I think this should work, right?


----------



## user1007 (Sep 23, 2009)

I think you are going to be bitten a mile or two down the road with this bandaid approach. If you haven't yet, I would not move to close on a place with a warped, wet wall so out of wack and with 3/4" to fill. OK, maybe I would if the deal was sweet and I loved everything else about the property. I would definitely ask the seller for some concession. 

And then I would use the money, greenbacks or on paper part of the deal, to pull the countertop off, get it out of the way, and fix this properly. You do realize you are asking some of us who have been at this awhile to bless your approach? Never shoot messengers. 

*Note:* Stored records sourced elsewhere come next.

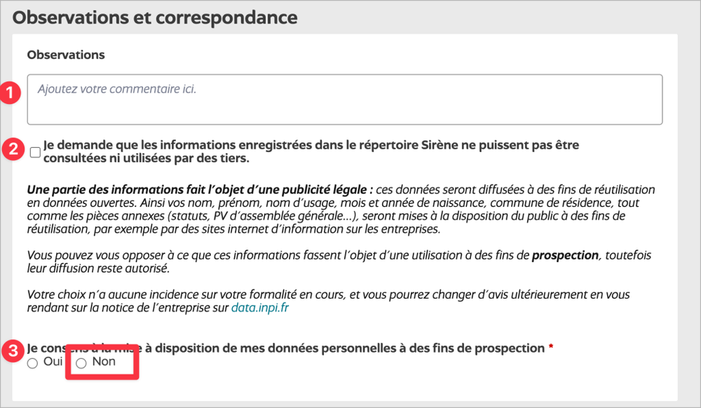 - Coche « Non » à la case (3) : « Je consens à la mise à disposition de mes données personnelles à des fins de prospection. »
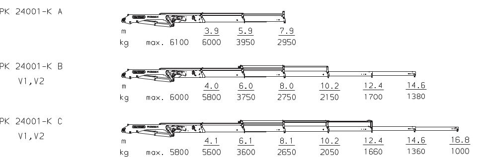 Характеристики модификаций на кран-манипулятор Palfinger PK 24001-K High Performance
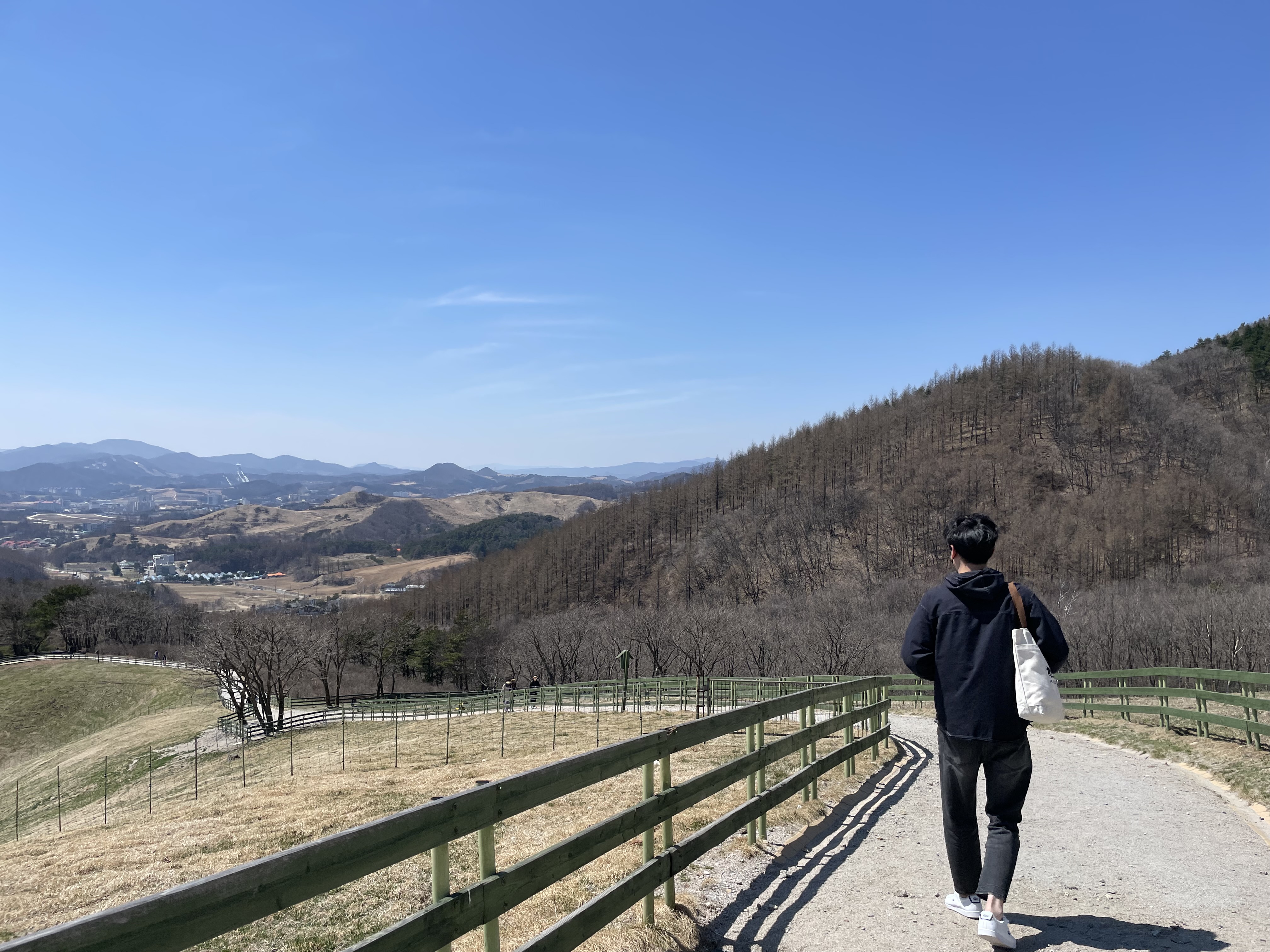 여자 친구가 뒷모습을 참 많이 찍어줬네요, 대관령에 다른 목장도 가봤지만 너무 넓어서 차로 이동도 하고 시간도 많이 걸리고 젖소나 양 등 동물들도 더 있지만 개인적으로는 아이들과 산책하기는 대관령양떼목장이 더 좋은 것 같습니다.

I know you do not want to hear that you must pull that countertop to do this right. Sorry. 

By the way, is the dishwasher venting steam to that wall?


----------



## miamicuse (Nov 13, 2011)

sdsester, I am not offended at all with your suggestions. That's why I posted this here to get opinions.

However, I do not see a practical difference between the proper or right approach versus my "band-aid" approach.

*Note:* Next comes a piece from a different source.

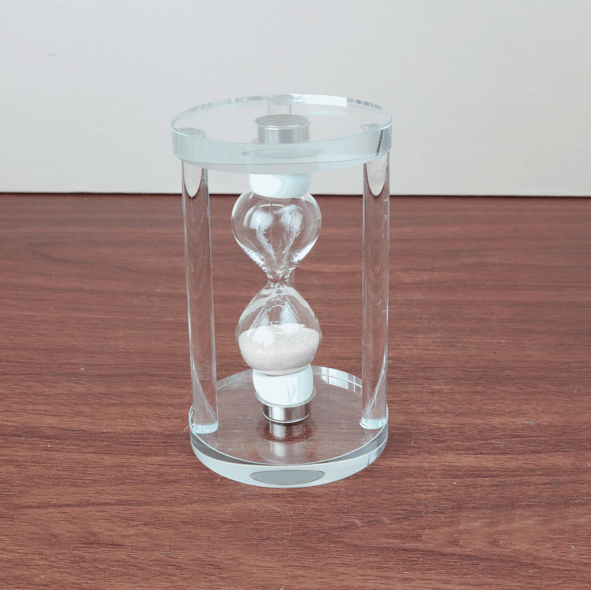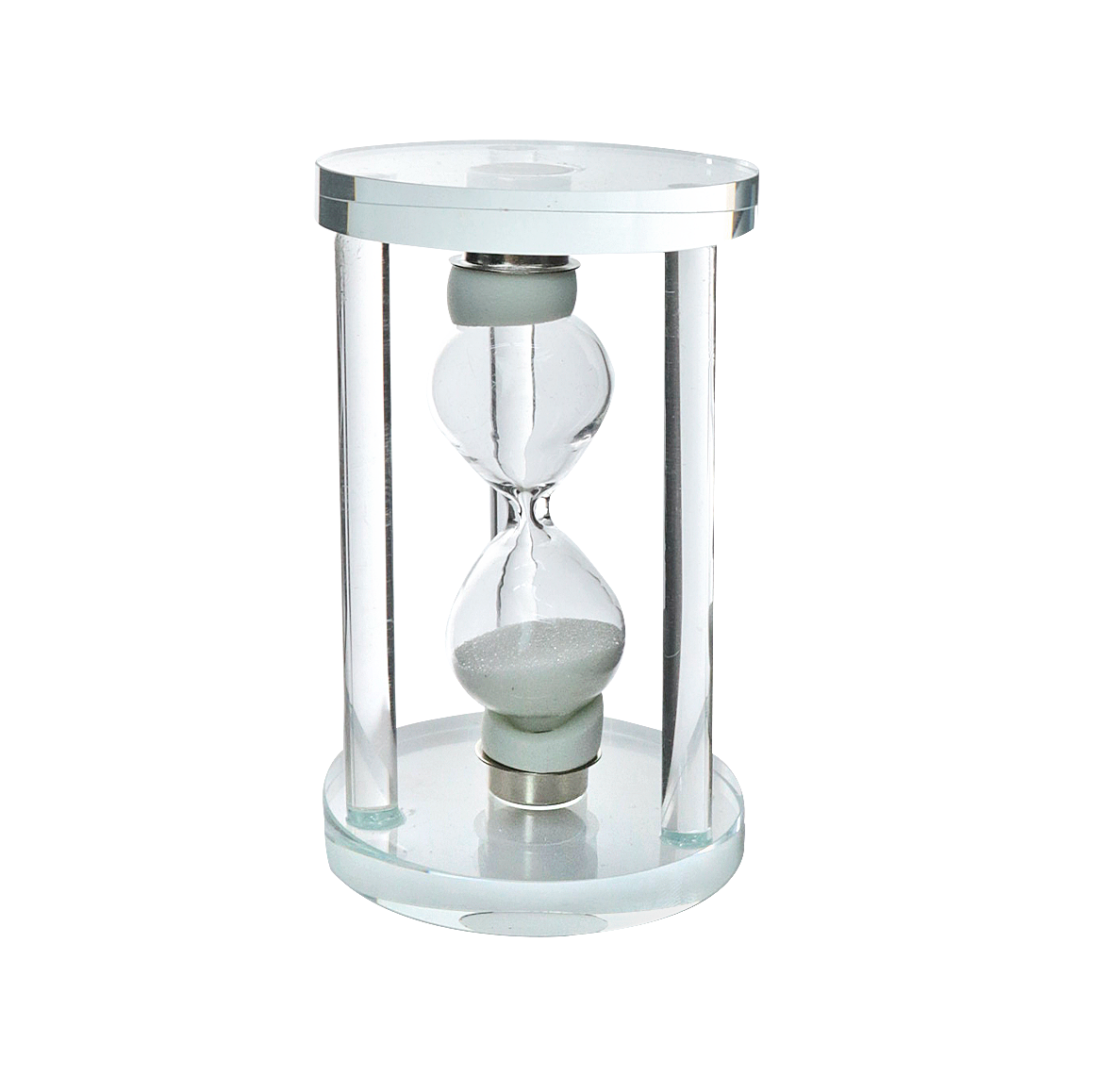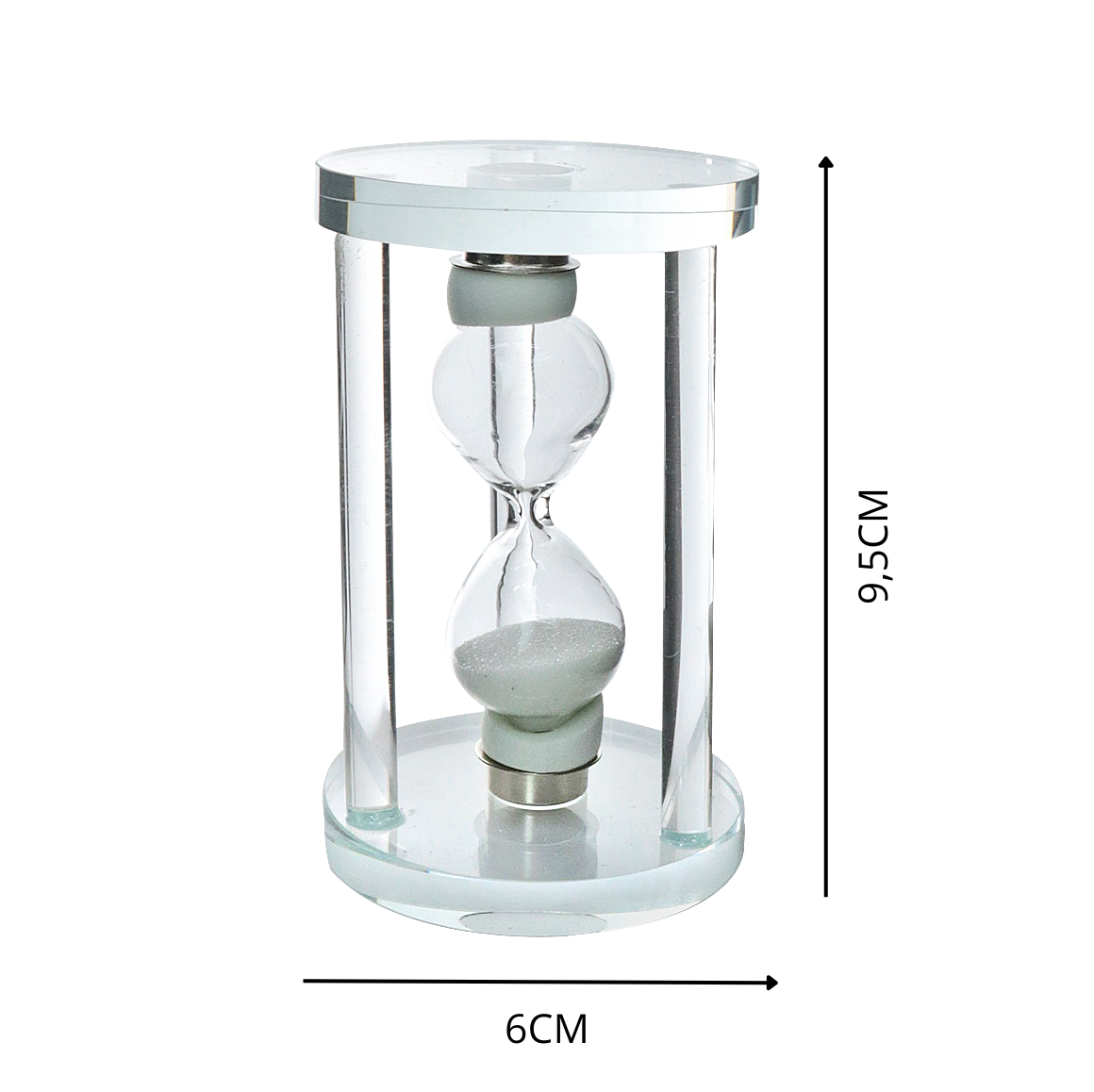 Totalmente produzida em vidro transparente, tanto o corpo quanto a base, a peça permite visualizar a passagem suave da areia, trazendo leveza e equilíbrio à decoração. Um toque de charme para escritórios, salas, quartos ou ambientes de estudo.

The leak will be fixed from the outside where the loose security light is dangling now, re-secured and a bead of caulk all the way around it's base.

I am going to remove the same amount of damaged sheetrock on the inside.

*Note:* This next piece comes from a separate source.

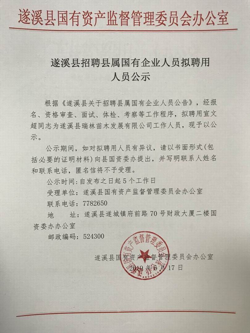 遂溪縣招聘縣屬國有企業(yè)人員擬聘人員公示
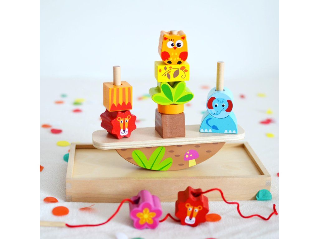 Balančné nasadzovanie Zvieratká Podarí sa ti vyrovnať hojdačku? Detičky musia nasadiť kocky s dierkami na hojdaciu základňu tak, aby bola v rovnováhe. Hra obsahuje 3 nasadzovacie zvieracie hlavičky a ďalšie pestrofarebné a rôzne tvarované dieliky. Deti tak môžu na hojdačke tvoriť rôznorodé kreácie. Hra je ale multifunkčná a kocky je možné navliekať aj na priložený povrázok s bezpečnou drevenou ihlou.Deti si cvičia koordináciu oko-ruka. Zlepšujú si jemnú motoriku a učia sa chápať rovnováhu. Ide o klasickú drevenú hračku pre samostatnú hru, ktorá je vyrobená z kvalitného, dobre opracovaného dreva a nezávadných farieb.Dodatočné parametre

The block wall and surrounded affected areas I will make sure to bleach and disinfect.

New PT furring strips will be added to the block wall. It's evident that there is not enough furring behind the sheetrock right now, or else it will not warp this badly.

If the countertop was out of the way, I can put in a new single piece of sheetrock.

If the countertop was not, I need to put in two sections, one above and one below. Additional horizontal furrings will be needed to properly anchor the edges of the sheetrock around the counter top.

The only difference would be that a horizontal strip of sheetrock the same thickness as the countertop will be missing behind it, which to me has no functional or cosmetic consequence. I may not like the look of that seam, so another strip of something (quarter round, marble, granite) to cover.

So what I am trying to understand is, besides what I described above, what would be the benefits of having the countertop out of the way? There has to be some functional, practical or significant cosmetic differences that I am not seeing. Help me out here.


----------



## miamicuse (Nov 13, 2011)

I have to check on the dishwasher to see if it's venting steam. You mean some sort of a leak causing some misty spray right?

I doubt it, because all around the dishwasher is a layer of those soft insulation material and those look fine and no moisture on them.


----------



## Evstarr (Nov 15, 2011)

Don't caulk 100% around the light. Leave a weep hole at the bottom so any moisture that makes its way in can get out. 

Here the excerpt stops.